This week’s news flow will be heavy on geopolitics for obvious reasons, but there’s quite a bit on the macro calendar for when you get tired of reading about Nicolas Maduro.
The embattled BLS will release the December jobs report on Friday. Although some distortions from the US government shutdown will no doubt linger, this’ll be a cleaner read on the labor market than the Frankenstein release the bureau published on December 16.
Recall that the delayed impact of the Trump administration’s so-called “deferred resignation program” for federal employees resulted in a net 105,000-job loss in October. Hiring bounced back in November, according to the first estimate for that month which showed a 64,000 overall gain.
Consensus for December’s NFP print is 55,000. I’m sure there’s some science behind that but frankly it feels like we’re just using ~50,000 as a placeholder at a time when no one’s quite sure what to make of things.
Investors remain very skeptical of the BLS figures for all sorts of (good) reasons, which means ADP’s Wednesday update on private hiring (likewise seen at 55,000) and Challenger job cuts (on Thursday) will still garner quite a bit of attention.
I’ll be watching small business hiring in the ADP report. In the release covering November, firms with fewer than 50 employees shed 120,000 jobs, torpedoing the headline tally which printed a 32,000-job loss, the worst overall result since March of 2023.
There’s the chart again.

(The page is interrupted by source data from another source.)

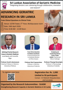 JOIN THIS EVENT Start April 24, 2026 - 12:00 am End April 24, 2026 - 12:00 am Address Sri Lanka Association of Geriatric Medicine View map + GOOGLE CALENDAR + ICAL IMPORT MORE DETAIL Website https://slagm.lk Phone +94714130436 Email slagm2014@gmail.com More Details Related Events ‘Therapeutics of Advanced Chronic Liver Disease – An Update’ by Professor Anuradha Dassanayake. March 20, 2022 5:00 pm 12th Anniversary Annual Academic Sessions 2026 June 11, 2026 12:00 am
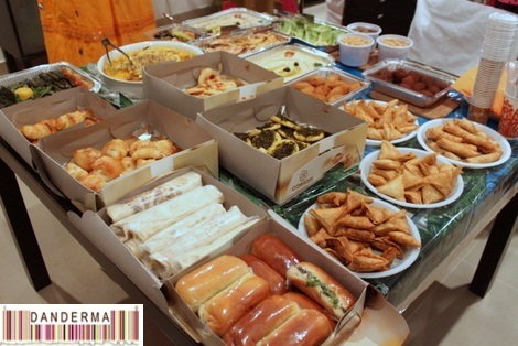 We also had platters of cheese samboosa, vegetable samboosa, cheese spring rolls, plastic bowls of hot nakhi and bajela. 80′s much?
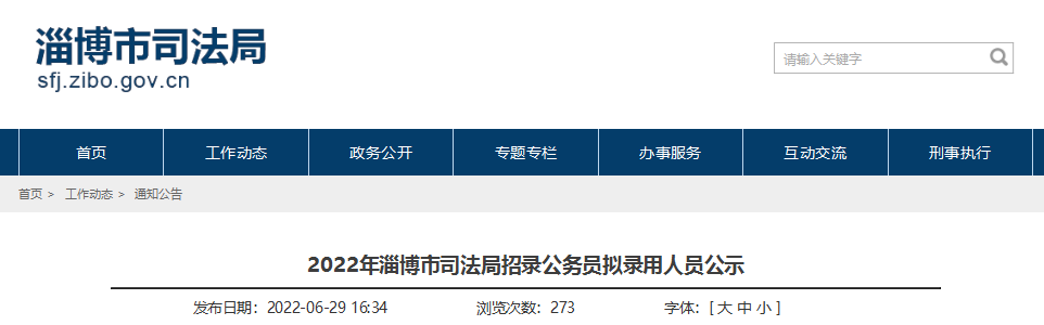 現(xiàn)將2022年淄博市司法局招錄公務(wù)員擬錄用人員進行公示。公示期5天,自2022年6月30日至7月6日(不含節(jié)假日)。公示期間如有異議,請撥打監(jiān)督電話0533-6218019。
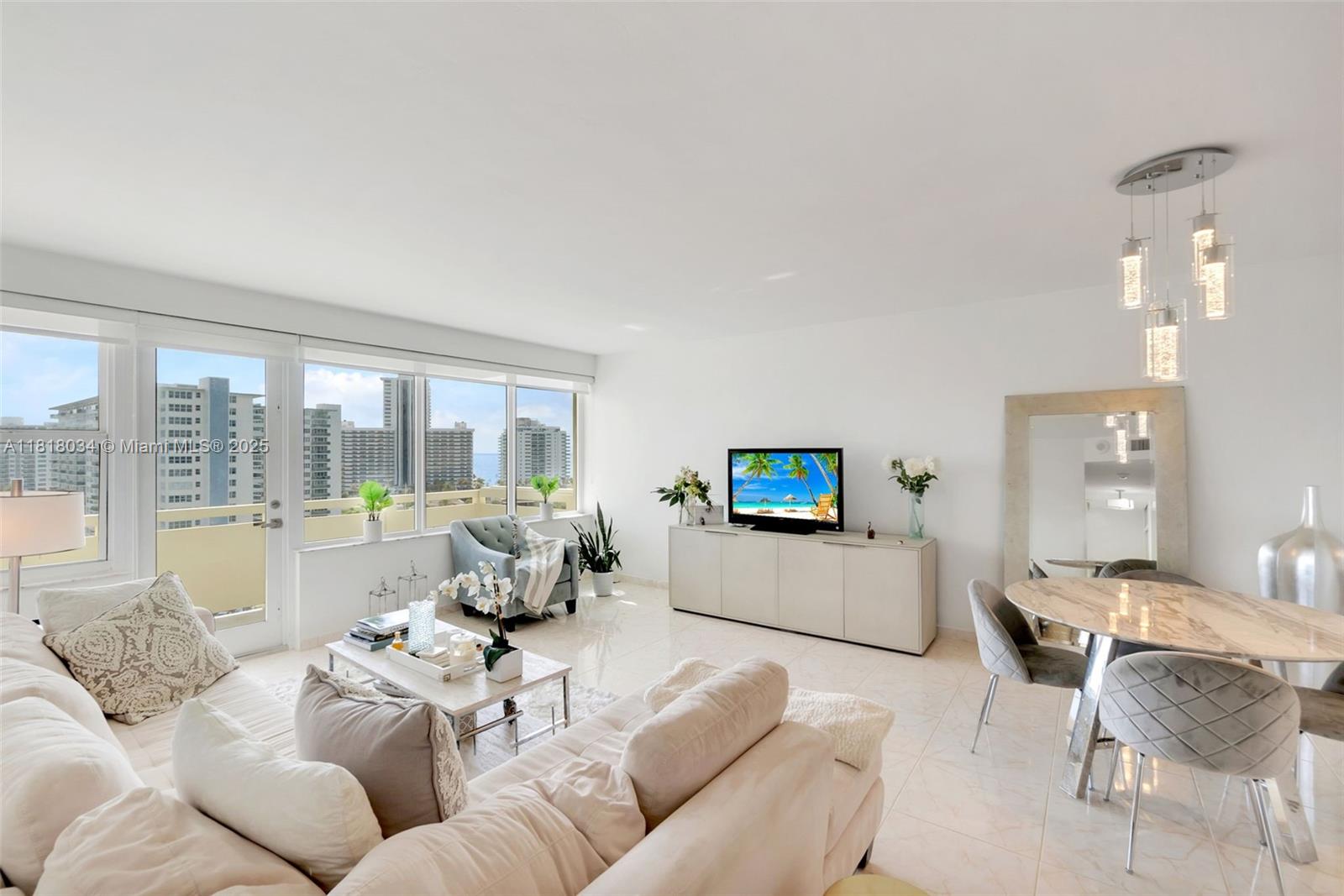 RENOVATED 2/2 CONDO WITH STUNNING CITY AND OCEAN VIEWS FROM ALL NEW IMPACT WINDOWS. PRICED WELL BELOW RECENT SALES. Tastefully updated eat-in kitchen. Primary bedroom features a separate vanity area with custom closets, including a walk-in. Second bedroom is bright with ample closet space. Both bathrooms are MAGAZINE-WORTHY. Watch spectacular sunrises each morning! The ocean is practically at your doorstep. Amenities include: a large, gorgeous pool right on the Intracoastal, a fully equipped gym, and a community room. This community is close to excellent shopping and restaurants, and directly across from the beach. EV CHARGING STATIONS AVAILABLE! MAINTENANCE INCLUDES CABLE AND WIFI! BUILDING IS FINANCIALLY SECURE - NO UPCOMING ASSESSMENTS! Click on VIRTUAL TOUR for VIDEO.

That 120,000-job loss for small businesses in November counted as the largest one-month layoff in 15 years excluding the chaos around the onset of the pandemic in 2020.
The unemployment rate in the BLS household survey’s seen ticking down to 4.5% after rounding up to 4.6% in November. Most indicators continue to suggest the US hiring impulse is very weak, although rock-bottom jobless claims ostensibly underscore employers’ reluctance to let workers go (don’t tell Challenger).
It’s worth noting that ADP’s higher-frequency snapshot of private-sector job creation in the US inflected for the better in late-November and early-December.
Also on the US data docket this week: ISM manufacturing (seen in contraction territory for the — checks notes — 35th month in 38), ISM services (seen at 52.2), JOLTS for November, the first estimate of unit labor costs for Q3, the first of several catch-up government housing releases (starts and permits) and the preliminary read on University of Michigan sentiment for January (both that measure of household moods and the Conference Board’s metric registered some of their worst readouts on record in 2025).




If you’re looking for basic metrics to judge the health of a nation, work has to be right towards the top. In the final economic analysis, isn’t work what it’s all about. Amazing that in 2026 the wealthiest nation only has an iffy accounting of it.